Advertisement

New, More Expensive Heart Drug Outpaces Old Medicine in Test : Cardiology: Treatment using t-PA reduced deaths by as much as 14% over Streptokinase, researchers find. But debate continues over the merits of the two clot-busting drugs.

Share via
TIMES MEDICAL WRITER

One drug is old, the other new. Both are so-called clot-busters, designed to save the lives of heart attack victims by clearing blocked arteries. One costs an average of $200 a dose; the other $2,200. And for six years, cardiologists have argued over which works better.

On Friday in Washington, researchers said they have settled the long-running controversy with the world’s largest heart attack study. They found that a novel treatment employing t-PA, the newer and more expensive of the two “thrombolytic agents,” reduced deaths as much as 14% over Streptokinase, the other treatment.

“With this strategy there was no question about the benefits,” Dr. Eric J. Topol, chairman of the study and a professor of cardiology at the Cleveland Clinic Foundation, declared in announcing the long-awaited results. “We hope to put to rest the battle of the thrombolytics.”

Advertisement

But the debate refused to subside, as the manufacturer of the cheaper drug, Streptokinase, suggested the study was of minimal importance and may have been biased by “critical protocol violations.” The company, Astra Pharmaceutical Products, said previous research showing little difference between the two drugs should remain the “gold standard.”

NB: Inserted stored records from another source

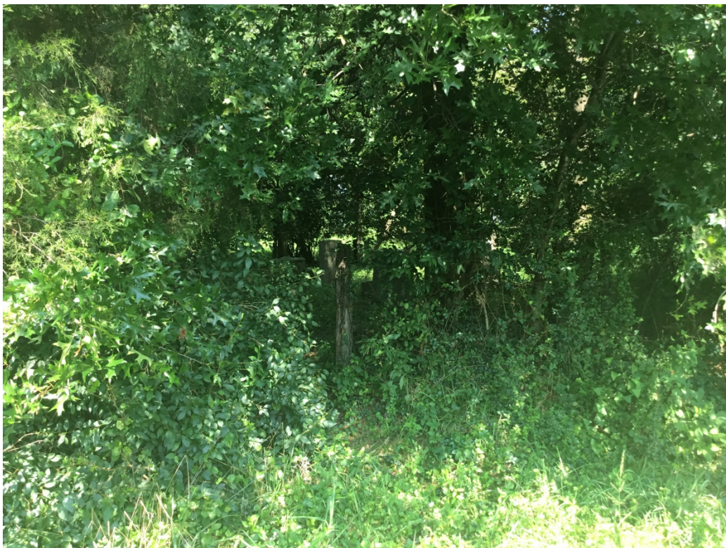
3. Entrance to cemetery, facing west
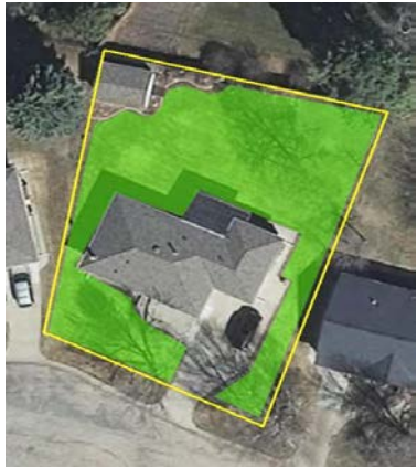
Parcel Size: 10,500 Landscape Area: 5,000
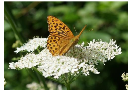
Silver-washed fritillary on hogweed
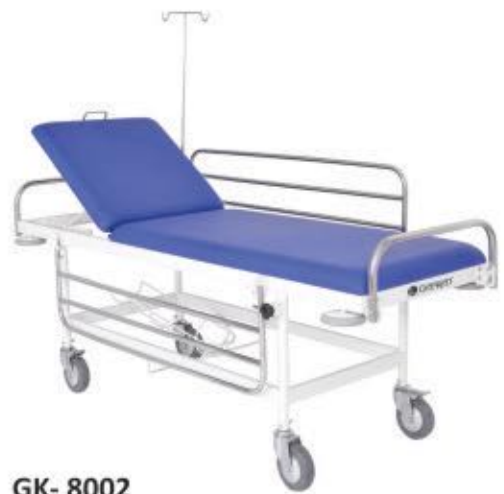
GK- 8002 M.S. STRETCHER DELUXE
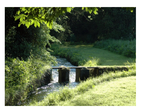
Hatches close to top of Beat 2
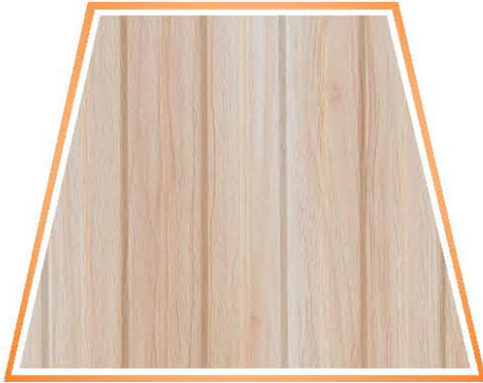
R-907 (5 Groove)
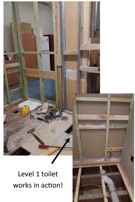
Level 1 toilet works in action!

Ross House Association continues to make incredible energy savings as a result of sustainability works to the building, behaviour change and continued commitment from the entire Ross House community. Compared to 2012 the reduction is remarkable!
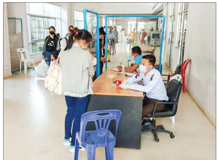
Returnees check in at the reception desk.

are isolated at the designated places. — MNA
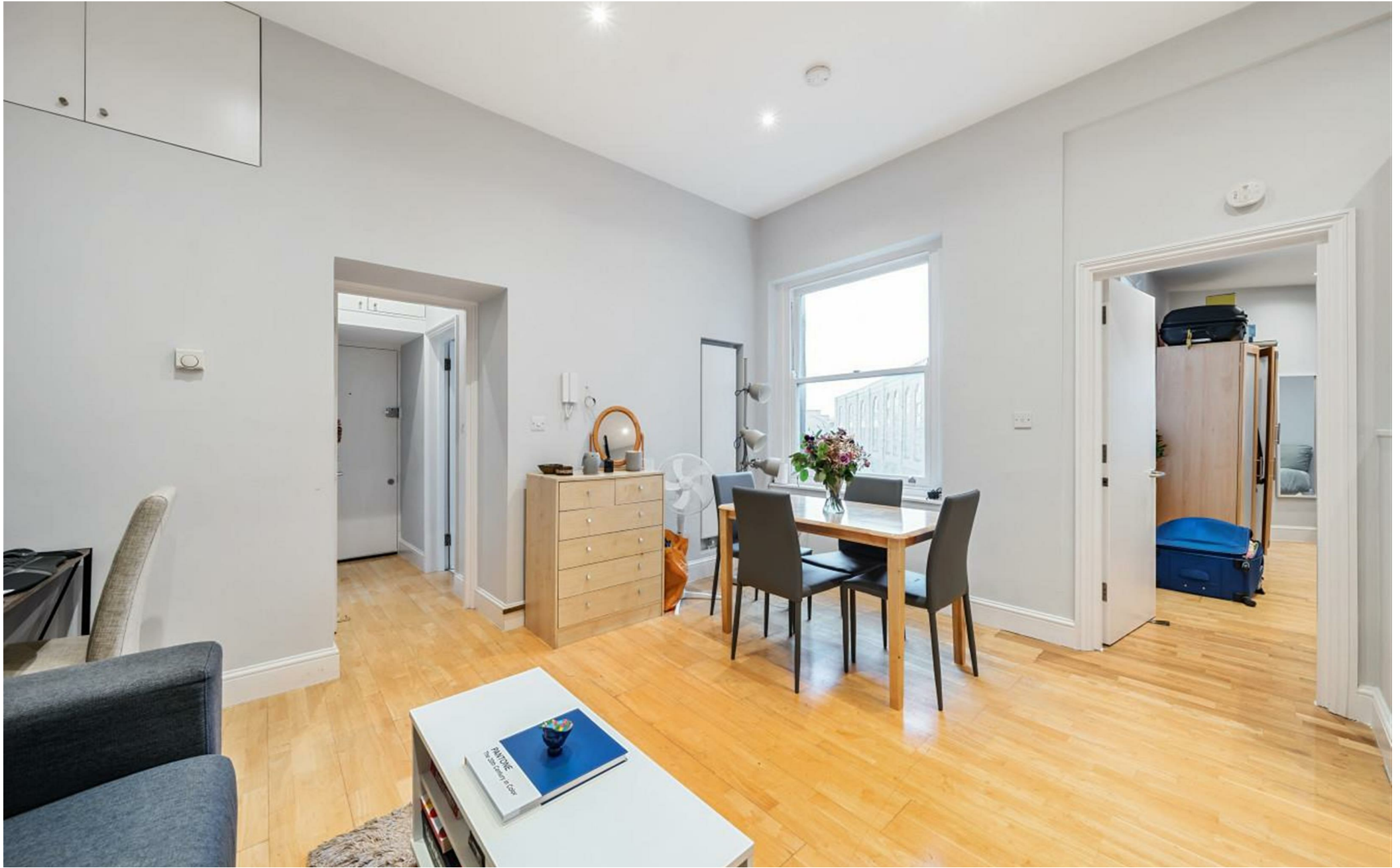
Canfield Gardens NW6
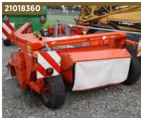
21018360 Used Kuhn FC302 £4,150
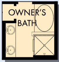
OPTIONAL SEPARATE TUB AND SHOWER AT OWNER'S BATH
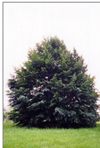
European Beech
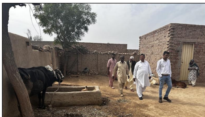
Outside the ecclesial hall at Qiampur, Toba Tek Singh

One of the key takeaways was seeing firsthand that most of our brothers and sisters across the ecclesias have a solid grasp of the one true gospel and are keen to deepen their understanding of Scripture. The number of baptised members continues to grow, and encouragingly, many are also maturing spiritually. This is largely due to the tireless efforts of local brethren, supported by regular weekly Bible classes via Zoom and WhatsApp, which around 20 ecclesias in Australia are providing.

The financing of the study has also created controversy, with an Astra spokeswoman suggesting in recent days that the research was designed to favor t-PA’s manufacturer--South San Francisco-based Genentech, which footed $55 million of the $65-million bill for the study. Topol, anticipating such criticism, opened Friday’s news conference by saying the research employed stringent protections against conflict of interest.

Called GUSTO--Global Utilization of Streptokinase and t-PA for Occluded Arteries--the massive, three-year clinical trial looked at 41,021 heart attack victims in 1,100 hospitals in 16 nations. The patients were as old as 110--an Israeli man who survived and is now 111--and as young as 19.

Advertisement

The results are expected to have a significant impact on the treatment of emergency heart attack patients around the world. The outcome is of particular interest in the United States, where doctors have tended to favor the more expensive drug even amid concerns over soaring health care costs. In Europe, more doctors use Streptokinase.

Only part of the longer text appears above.